Reviewed by Alex SmithApr 8 2022
A single cell’s genome or transcriptome can reveal considerably more information about its role in living systems than sequencing a full batch of cells in a similar manner to how interviewing a person about their health can provide specialized, individualized information that is typically hard to obtain from a big poll.
However, until recently, the technology to get high-resolution genomic data did not exist, and there were no dependable means to assure that the data was of high quality and utility.
Dr. Weijun Luo and Dr. Cory Brouwer from the University of North Carolina at Charlotte created an artificial intelligence system to “clean” noisy single-cell RNA sequencing (scRNA-Seq) data. The study was published in Nature Communications on April 7th, 2022.
Since the Human Genome Project in the 1990s, scientists have been examining genomes to understand the secrets of life, from discovering particular genes related to sickle cell anemia and breast cancer to developing mRNA vaccines in the ongoing COVID-19 pandemic.
Technology has advanced since those early stages of grouping thousands of cells together to decrypt the millions of base pairs that make up genetic information, and in 2009, researchers developed scRNA-Seq, which only sequences the transcriptome, or the expressed portion of the genome, in a single living cell. This is now widely used in biomedical research.
Unfortunately, scRNA-Seq data is noisy and prone to errors. When a single cell is sequenced rather than a large number of cells, “dropouts”—missing genes in the data—occur often. A single cell, like a single human cell, may have its health difficulties or be at an inconvenient point of its life cycle—it may have just split or be on the edge of cell death—which might lead to additional errors or technical differences in the scRNA-Seq data.
Aside from single-cell concerns, genomic profiling is frequently associated with “normal” sequencing errors. Before the data can be utilized or comprehended, all of these errors must be “cleaned” from it, which is where the new AI algorithm comes in.
The AutoClass technique is a step forward from previous statistical approaches.

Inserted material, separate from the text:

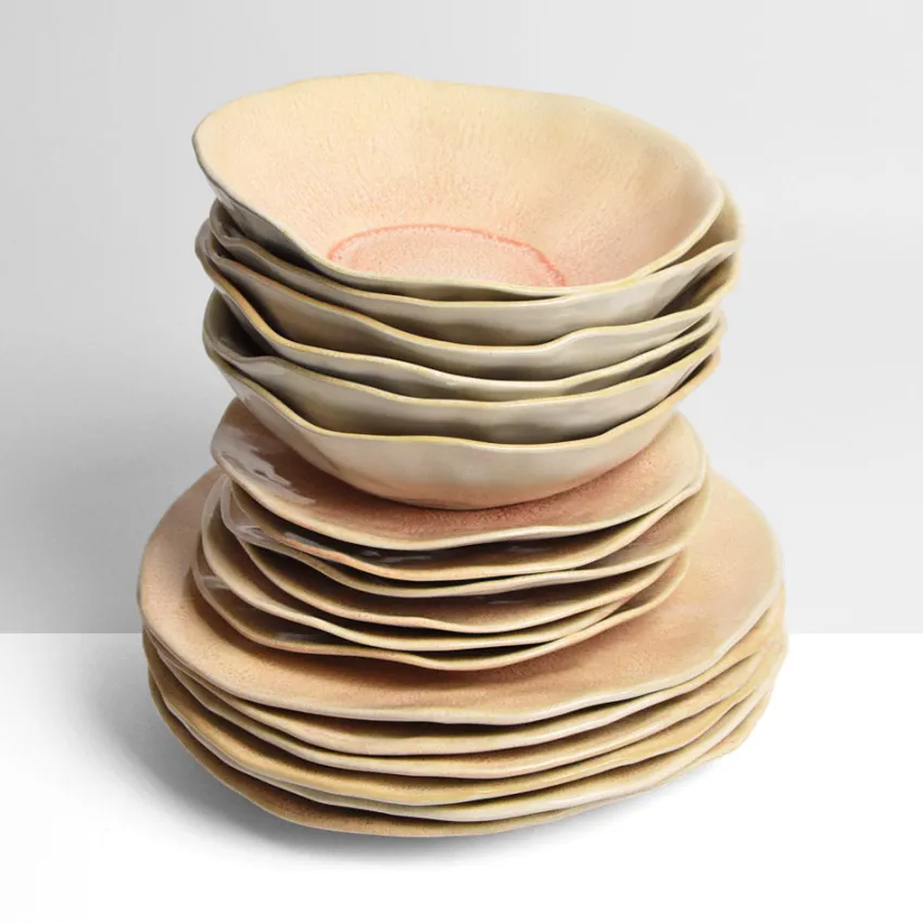 Chaque pièce réagit différemment à la cuisson, des nuances d’aspects peuvent apparaître lors de la production rendant chaque pièce unique.

Most existing approaches presume that errors (or noises) will follow a predetermined distribution, indicating how frequently they will occur and how large they can be.
Existing approaches are frequently unable to adequately clean data to disclose biological signals, and may even introduce new errors as a result of incorrect data distribution assumptions. AutoClass, on the other hand, has no distributional assumptions and, as a result, can efficiently remedy a wide range of noises or technological variances.

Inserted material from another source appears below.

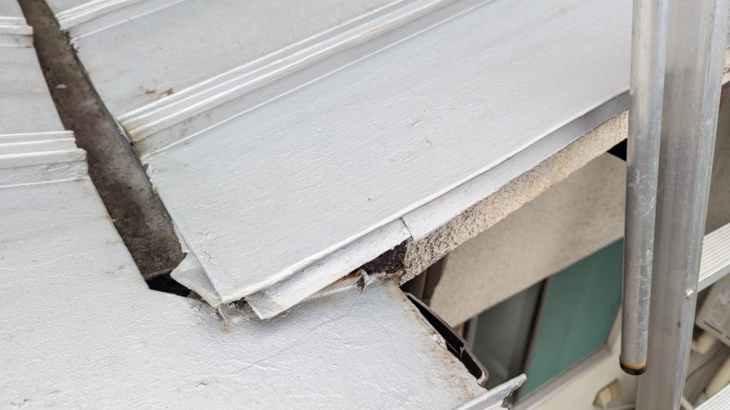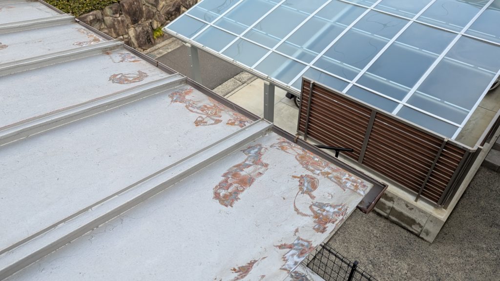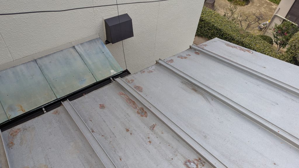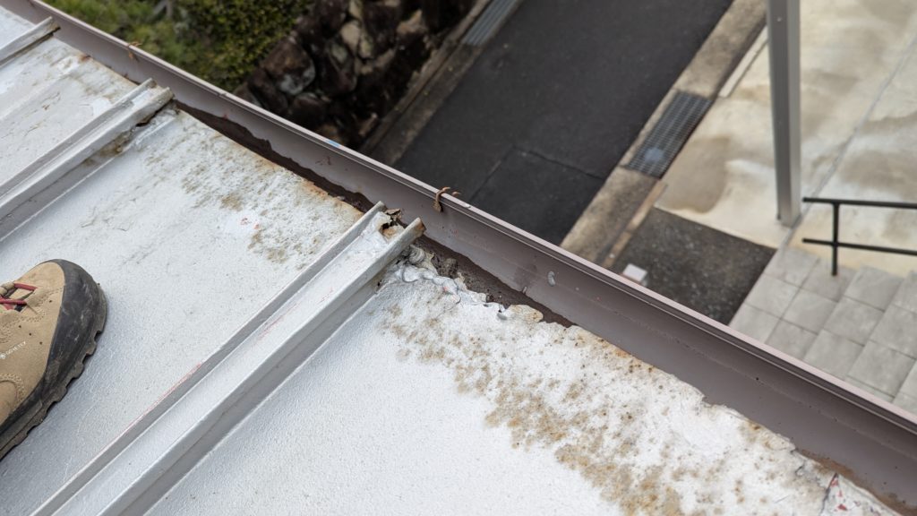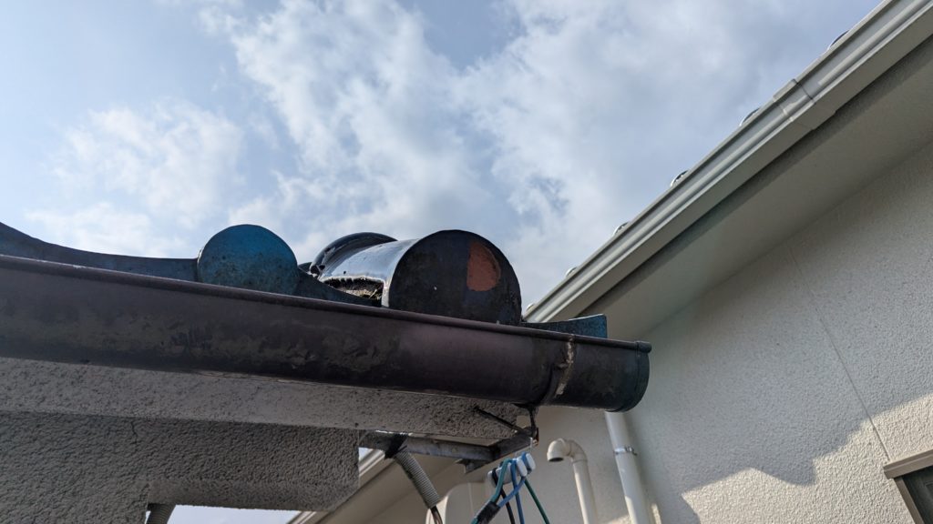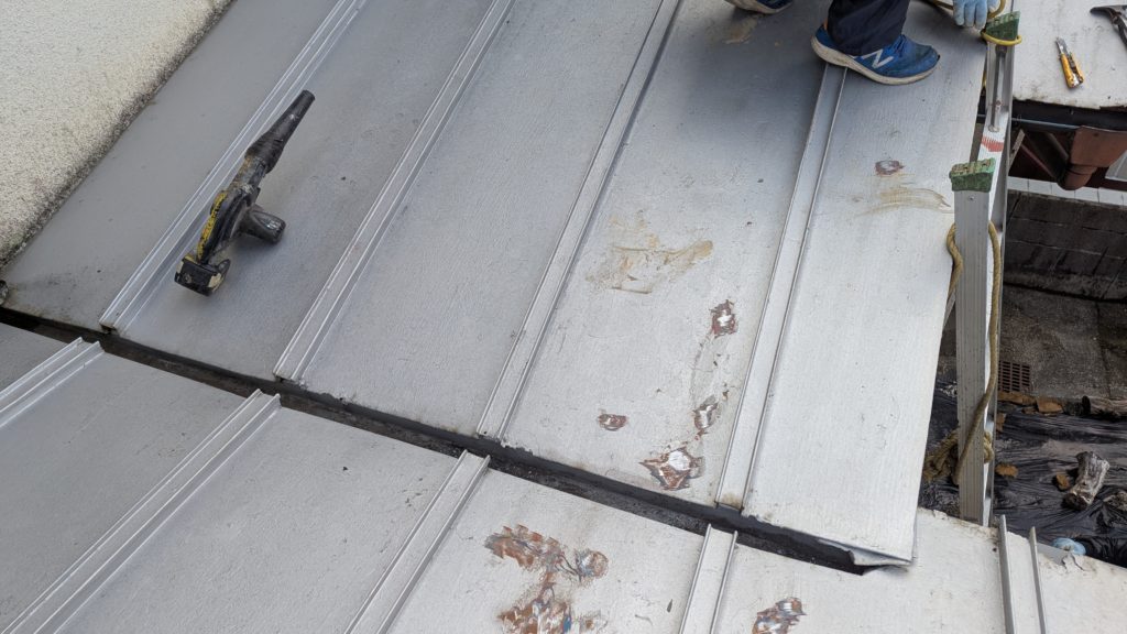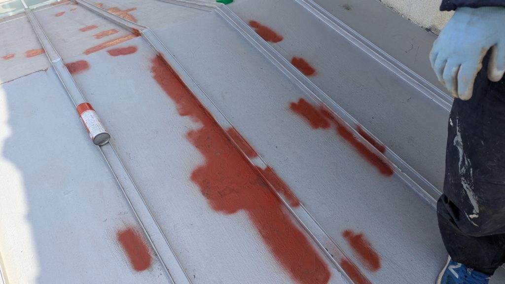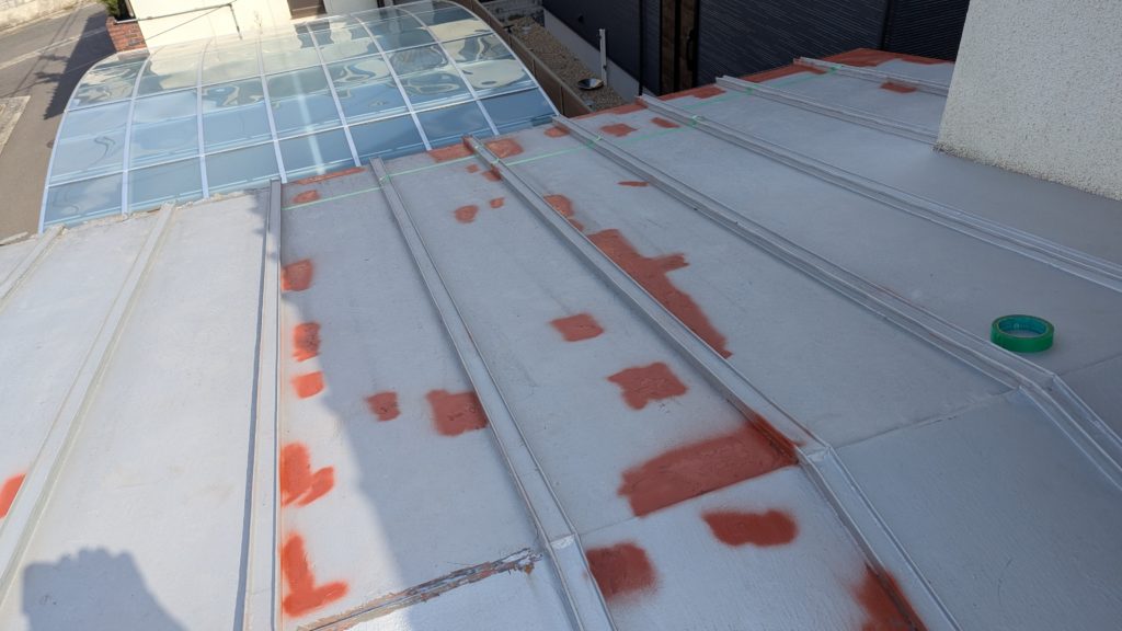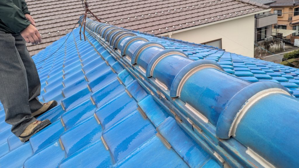 2026年3月3日現在。瓦の破片が瓦棒板金の上に落ちていることに気付かれ、見積り依頼をいただきました。 施主様も屋根に登り確認されたいとのことで、一緒に現状確認。 地瓦に水が染みて、ミルフィーユ状のささくれ割れになっている 色が濃い青緑色せいろくしょくの地瓦になっているところがあるため、一度修理をしているのがわかる 施主様も一緒に確認されたことで、即修理依頼をいただきました。 棟はコーキング処理されているが、点付コーキング処理のため、内部の劣化した赤土が隙間から雨を引っ張るため、棟を全列コーキングによるシーリング修理することで、今後の雨漏りの可能性を少なくする。今後10年くらいしたら邸宅を解体する予定のため、このような費用を抑えた修理を選ばれました。本当は崩して作り直す巻替えをした方がよいが、現状はそんなに悪くないため、シーリング修理が最適だと判断いたしました。 瓦棒板金の軒先が錆による腐食のため穴が空き、内部の屋根板が腐食している こちらも以前修理をしているが、雨の侵入を遮断しきれていないため、劣化が進んでいる 軒天井モルタルが染みてうたっているため、長年にわたり雨が侵入しているのがわかる 雨も入っており、なるべく早くの修理をご希望されました。一生懸命がんばりますのでよろしくお願い申し上げます。 2026年3月7日現在の工事です。施主様へ。施工写真をこのホームページへリアルタイムでアップ投稿していきますのでご確認、保存のほどよろしくお願いいたします。 赤いのはカットした粉がついているだけです。 新品瓦で差替えています。 中の屋根板にビスを打ち付け、そこにホルマル線を止め2本出すとんぼにしています。瓦を1枚1枚カットし隙間を狭くし、土で座りの角度を調整しています。 2026年3月7日現在の工事は以上です。明日もよろしくお願いいたします。 2026年3月8日現在の工事です。 瓦棒軒先板金加工

AutoClass is an AI algorithm based on a special deep neural network designed to maximize both noise removal and signal retention. The AI teaches itself to differentiate signal vs noise in the data by seeing enough data. Usually the more data it sees, the better it performs.
Dr. Weijun Luo, Department of Bioinformatics and Genomics, College of Computing and Informatics, University of North Carolina at Charlotte
Dr. Luo and his colleagues demonstrated in the study that AutoClass can rebuild high-quality scRNA-Seq data and improve downstream analysis in a variety of ways. AutoClass is also robust, performing well in a variety of scRNA-Seq data formats and situations.
AutoClass is very efficient and scalable, and it works well with data of various sample sizes and feature sizes. It also operates smoothly on a regular PC or laptop.
Journal Reference:
Li, H., et al. (2022) A universal deep neural network for in-depth cleaning of single-cell RNA-Seq data. Nature Communications. doi.org/10.1038/s41467-022-29576-y.